> [INSTRUCTIONS FOR THE TASK]: Please reproduce the lines of the records below from the one holding "初年度登録 | H23年7月 |" through the one holding "Another platter has", inclusive, skipping all pictures.

> [SUPPLIED DATA]:
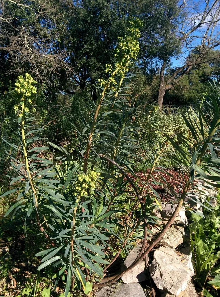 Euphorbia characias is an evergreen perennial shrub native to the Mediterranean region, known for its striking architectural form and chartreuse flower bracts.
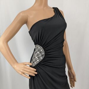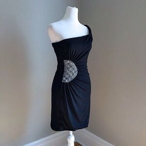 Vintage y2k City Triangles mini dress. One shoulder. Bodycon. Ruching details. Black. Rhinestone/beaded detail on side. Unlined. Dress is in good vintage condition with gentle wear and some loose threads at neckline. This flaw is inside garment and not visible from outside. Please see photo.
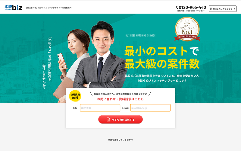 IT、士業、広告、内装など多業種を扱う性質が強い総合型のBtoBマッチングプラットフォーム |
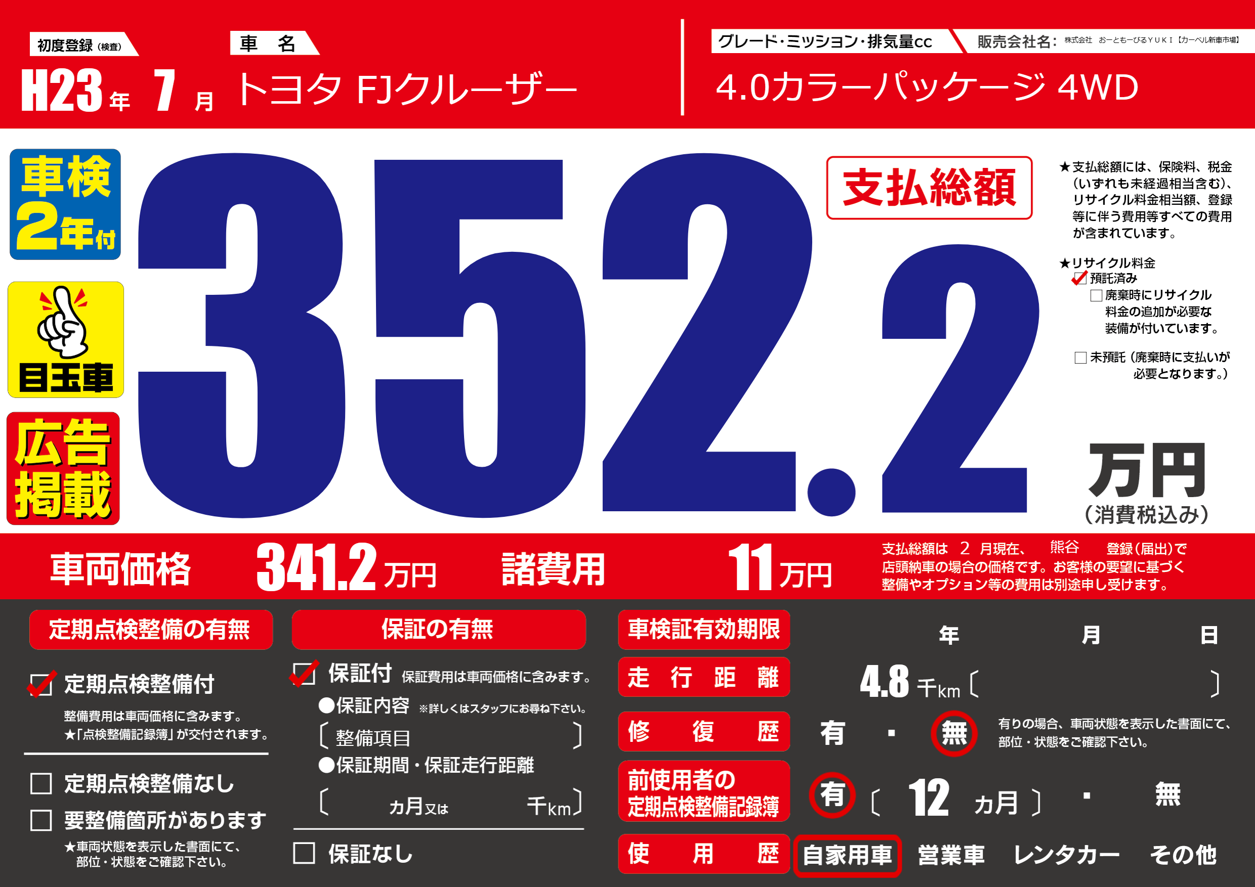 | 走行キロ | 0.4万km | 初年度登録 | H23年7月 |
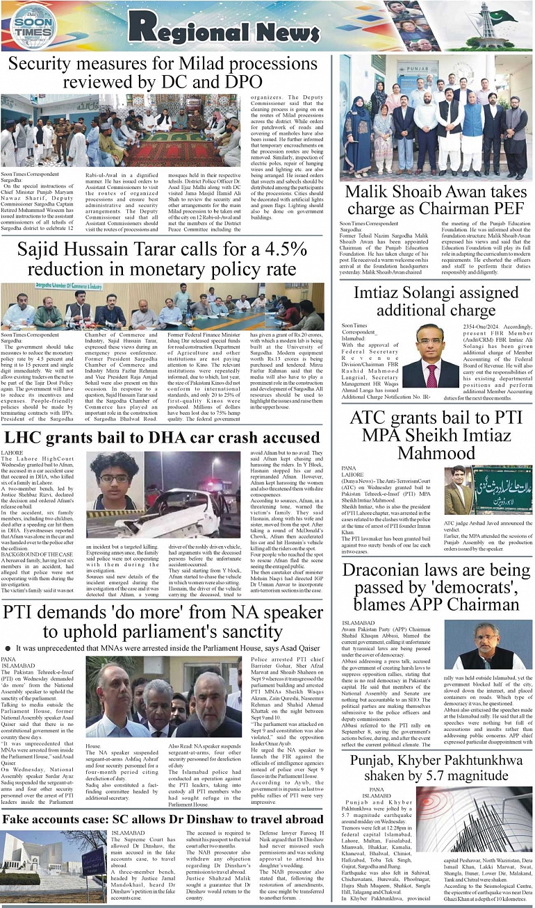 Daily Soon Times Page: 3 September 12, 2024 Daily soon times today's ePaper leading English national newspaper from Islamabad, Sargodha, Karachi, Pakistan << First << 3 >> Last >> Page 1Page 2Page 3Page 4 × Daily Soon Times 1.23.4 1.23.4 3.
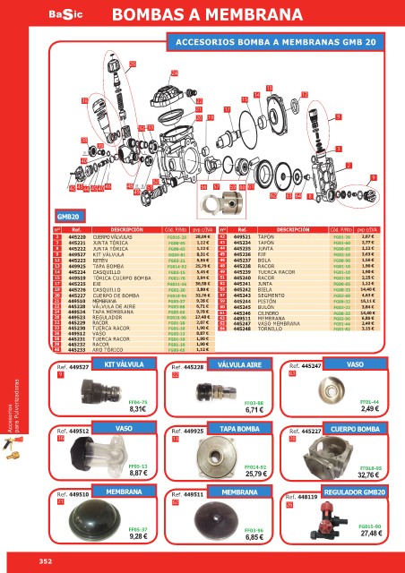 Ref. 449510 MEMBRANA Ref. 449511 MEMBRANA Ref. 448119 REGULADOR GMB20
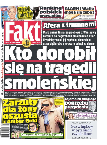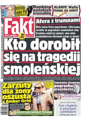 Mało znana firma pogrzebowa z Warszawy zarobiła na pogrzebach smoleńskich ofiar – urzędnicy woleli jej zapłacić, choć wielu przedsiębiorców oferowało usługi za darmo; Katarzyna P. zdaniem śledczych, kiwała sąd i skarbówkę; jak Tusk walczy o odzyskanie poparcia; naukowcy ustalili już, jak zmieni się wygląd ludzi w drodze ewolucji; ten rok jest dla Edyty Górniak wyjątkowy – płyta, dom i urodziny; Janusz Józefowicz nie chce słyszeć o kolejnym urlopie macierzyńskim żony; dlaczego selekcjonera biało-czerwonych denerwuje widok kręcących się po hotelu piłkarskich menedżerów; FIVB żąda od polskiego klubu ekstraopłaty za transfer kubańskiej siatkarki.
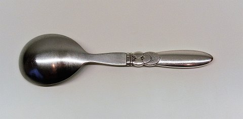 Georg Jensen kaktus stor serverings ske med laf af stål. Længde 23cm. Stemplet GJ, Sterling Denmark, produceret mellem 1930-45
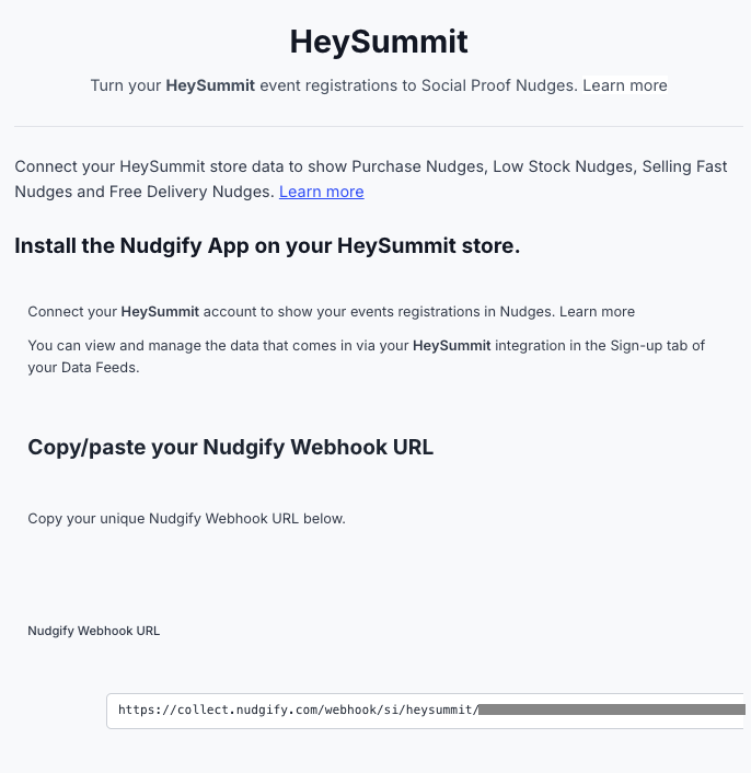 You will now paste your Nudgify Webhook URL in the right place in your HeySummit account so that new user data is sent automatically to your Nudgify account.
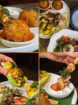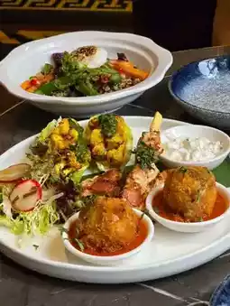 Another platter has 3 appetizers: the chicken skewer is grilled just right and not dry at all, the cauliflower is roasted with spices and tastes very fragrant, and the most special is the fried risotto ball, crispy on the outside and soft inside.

==

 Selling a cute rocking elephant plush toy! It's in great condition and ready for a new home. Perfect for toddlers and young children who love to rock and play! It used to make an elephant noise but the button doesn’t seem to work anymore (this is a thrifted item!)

> [TASK RESPONSE]:
 | 走行キロ | 0.4万km | 初年度登録 | H23年7月 |
 Daily Soon Times Page: 3 September 12, 2024 Daily soon times today's ePaper leading English national newspaper from Islamabad, Sargodha, Karachi, Pakistan << First << 3 >> Last >> Page 1Page 2Page 3Page 4 × Daily Soon Times 1.23.4 1.23.4 3.
 Ref. 449510 MEMBRANA Ref. 449511 MEMBRANA Ref. 448119 REGULADOR GMB20
 Mało znana firma pogrzebowa z Warszawy zarobiła na pogrzebach smoleńskich ofiar – urzędnicy woleli jej zapłacić, choć wielu przedsiębiorców oferowało usługi za darmo; Katarzyna P. zdaniem śledczych, kiwała sąd i skarbówkę; jak Tusk walczy o odzyskanie poparcia; naukowcy ustalili już, jak zmieni się wygląd ludzi w drodze ewolucji; ten rok jest dla Edyty Górniak wyjątkowy – płyta, dom i urodziny; Janusz Józefowicz nie chce słyszeć o kolejnym urlopie macierzyńskim żony; dlaczego selekcjonera biało-czerwonych denerwuje widok kręcących się po hotelu piłkarskich menedżerów; FIVB żąda od polskiego klubu ekstraopłaty za transfer kubańskiej siatkarki.
 Georg Jensen kaktus stor serverings ske med laf af stål. Længde 23cm. Stemplet GJ, Sterling Denmark, produceret mellem 1930-45
 You will now paste your Nudgify Webhook URL in the right place in your HeySummit account so that new user data is sent automatically to your Nudgify account.
 Another platter has 3 appetizers: the chicken skewer is grilled just right and not dry at all, the cauliflower is roasted with spices and tastes very fragrant, and the most special is the fried risotto ball, crispy on the outside and soft inside.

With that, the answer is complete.